I went to the Governor, and asked him what this meant. He said, " I don't know ; I have to sign so many of these things. Go to the Governor-General of the Warsaw district; he will tell you."

I went there, in a rage. He told me these were the facts. I arose and said:"General, I cannot discuss this thing with you; but it is worse than anything I ever heard of. I did not suppose any civilized nation would be guilty of such a thing " ; and I started to go out.

He said, " Wait a minute; I want to explain this thing to you. We do not look at it as you do. Starvation is a great force, and if we can use it to the advantage of the German Government we are going to use it. Furthermore, this is a rich alluvial country. We have wanted it for a long time ; and if these people die off through starvation perhaps a lot of Germans will overflow and settle here and after the war, if we have to give up Poland, the liberty of Poland will be settled forever, because it will be a German province."

What is true in Poland is true in Serbia and Roumania. In Serbia, approximately three quarters of a million people have died miserably. In Roumania some six hundred thousand were murdered in cold blood by Turkish troops officered by Germans.

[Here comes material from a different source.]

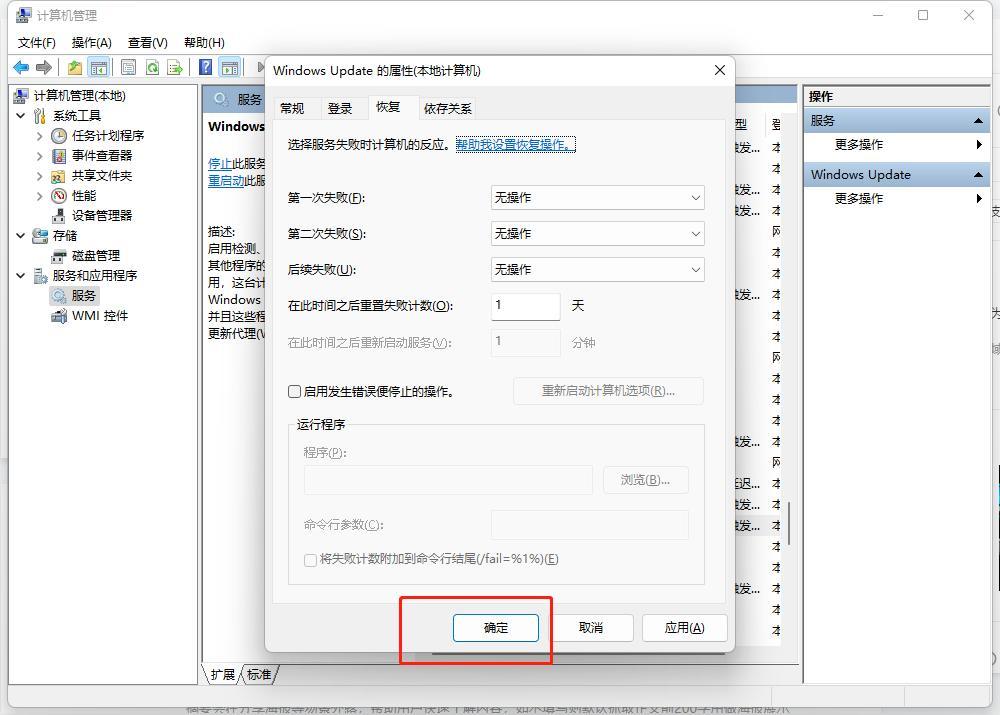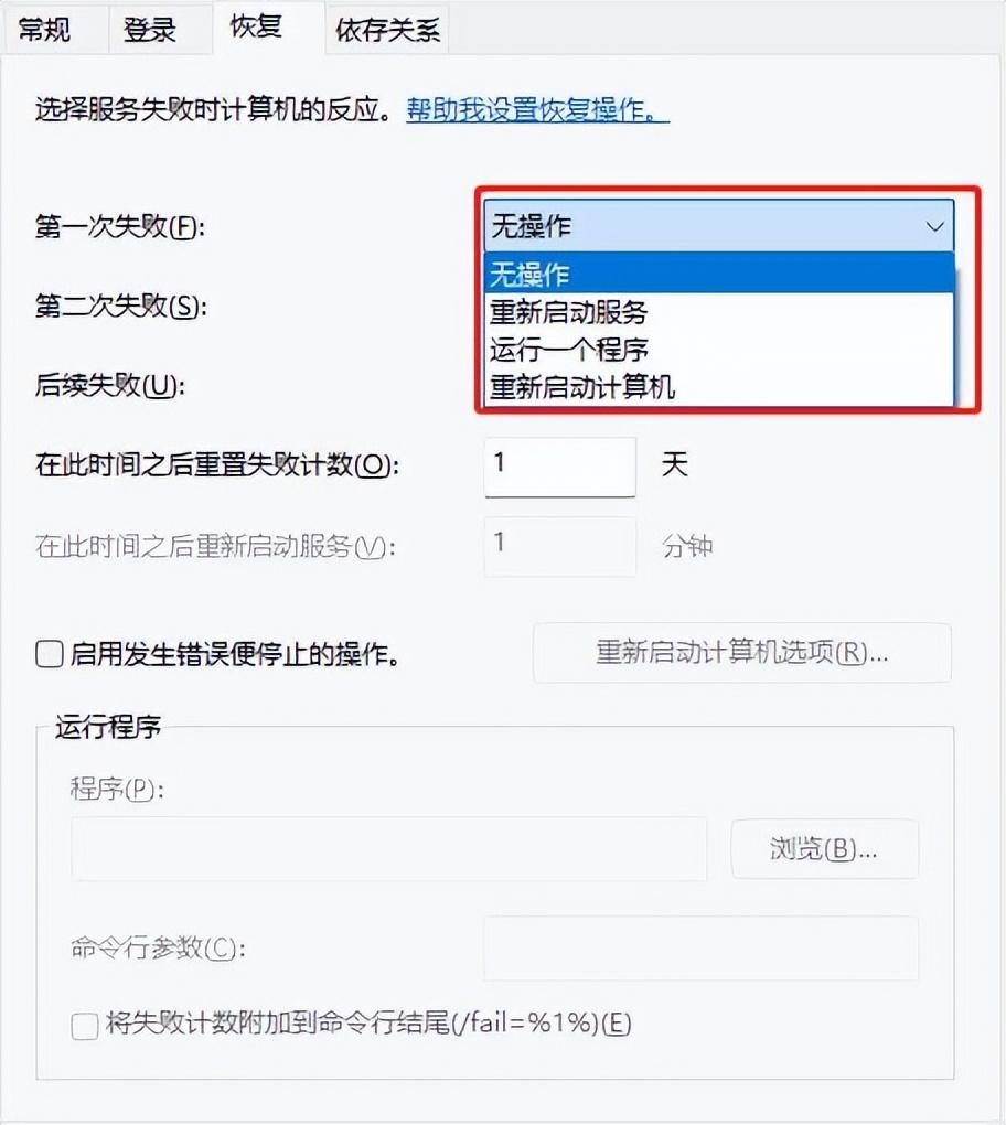 5、然后点击恢复—将第一次失败改为:无操作—–单击确定按钮

O reader, these are almost too painful scenes to recount, and you may justly ask, Why do it ? Well, just this-though painful in the extreme, it should be a solemn lesson taken to heart. You remember that only five years ago it was confidently affirmed by many intelligent, cultivated and influential people, that the age of wars was past in this civilized and progressive age; that present intelligence and culture would not permit it, and that all international differences would be settled by a court of arbitration in the Peace Palace at the Hague, prepared for this very purpose. A world-wide peace, with ever-increasing progress, development, affluence and a general uplift was the outlook-with God left out. Behold, how in one hour all this has crumbled ! The most "civilized " nations have used the most diabolical means by land, by sea, under the sea, and in the skies, wantonly to destroy foes and innocents alike ! !

God has been mocked, His Word denied or flouted by the very ones that had profited through the emancipating power of the truth, and God has withdrawn His restraining hand, leaving man to prove the bitterness of his own ways. Oh, that the afflicted nations might turn to Him with sackcloth and ashes !

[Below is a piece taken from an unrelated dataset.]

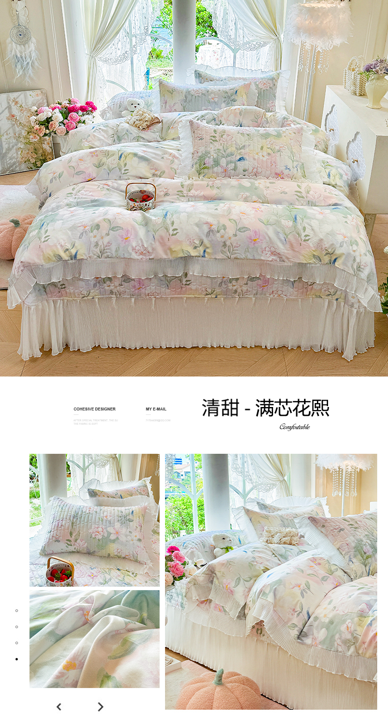 虹星家纺 2025新款斜纹全棉纯棉印花床盖四件套-清甜 清甜-时光笔墨

Alas, the dream of a world-peace by human arrangements, by "democratizing" the world-not by turning to God-is yet held up as the encouraging and bright prospect " after this war." May God put forth His hand to stay the stream of blood and misery following :but, Christian, let us not be deceived; He who cannot lie has said, "As it was in the days of Noah . . . and as it was in the days of Lot . . . even thus shall it be in the day when the Son of Man is revealed " (Luke 17:26-30). Of the days of Noah we read, " The earth also was corrupt before God, and the earth was filled with violence" (Gen. 6:u), and in all Sodom not ten righteous persons were found (Gen. 18 :32).

Let us then, in love to our fellow-men, like Noah, be "preachers of righteousness"-warning them of coming judgments, seeking to save them with fear, "pulling them out of the fire," whilst keeping ourselves in the love of God, and " looking for the mercy of our Lord Jesus Christ unto eternal life " (Jude 21-23).